- _Goal of the exercise_
Nothing but the lines below between the line holding "Members of the" and the line holding "Place: Helsinki, Finland", inclusive, should appear in the answer, each set down exactly.

---- Data provided

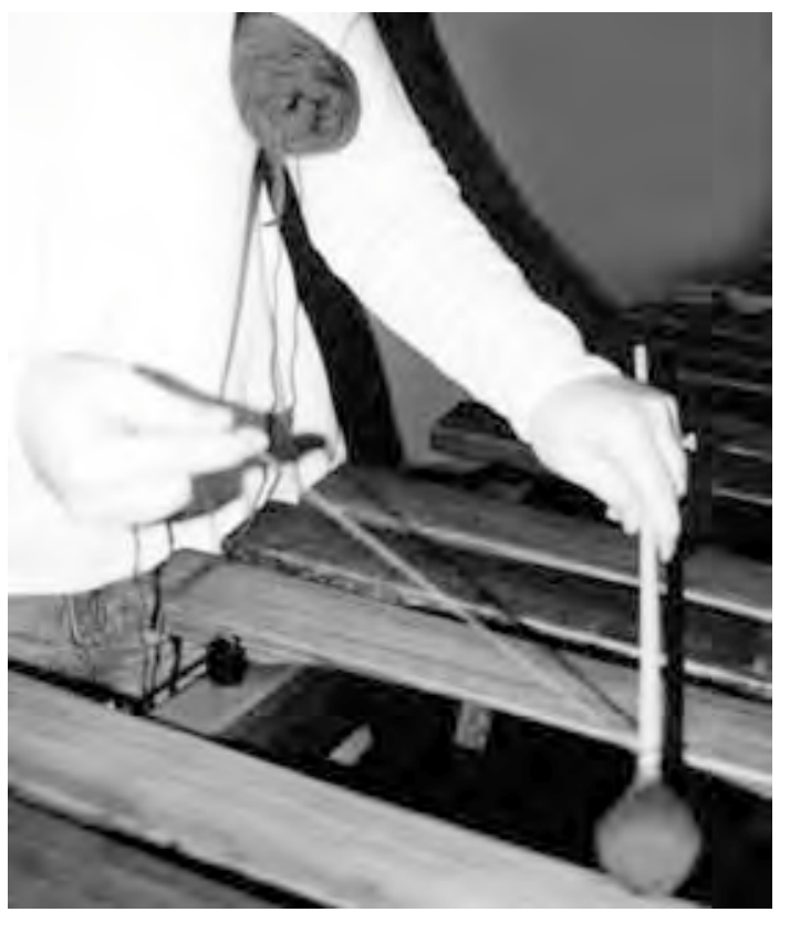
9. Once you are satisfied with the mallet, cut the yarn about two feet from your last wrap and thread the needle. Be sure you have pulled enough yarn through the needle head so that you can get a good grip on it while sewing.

--------
---- Data provided

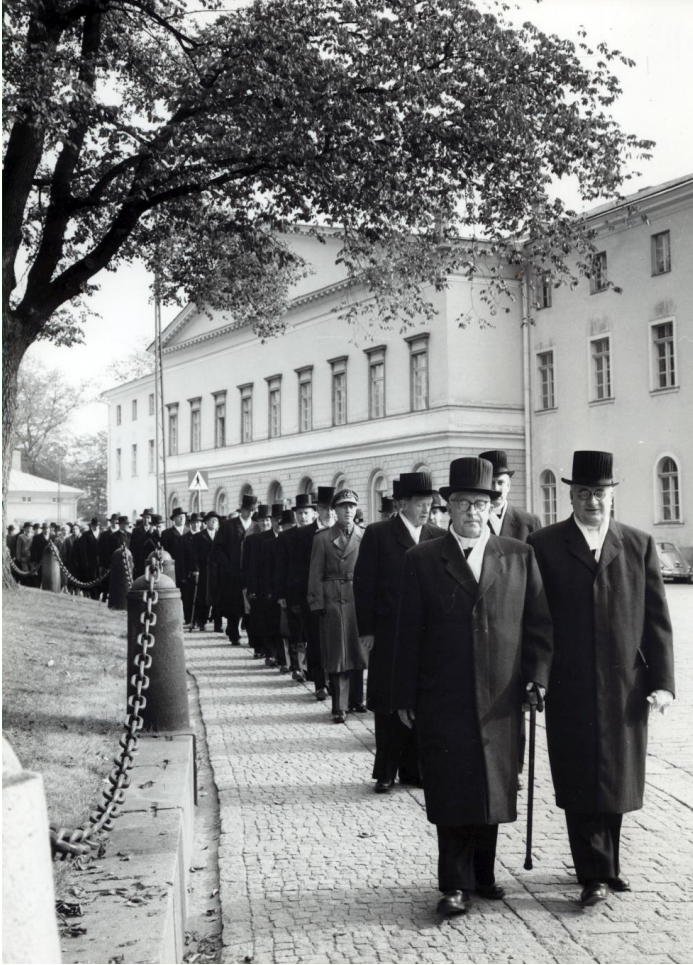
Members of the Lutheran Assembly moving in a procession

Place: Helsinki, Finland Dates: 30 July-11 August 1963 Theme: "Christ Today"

--------

- _Final answer_
Members of the Lutheran Assembly moving in a procession

Place: Helsinki, Finland Dates: 30 July-11 August 1963 Theme: "Christ Today"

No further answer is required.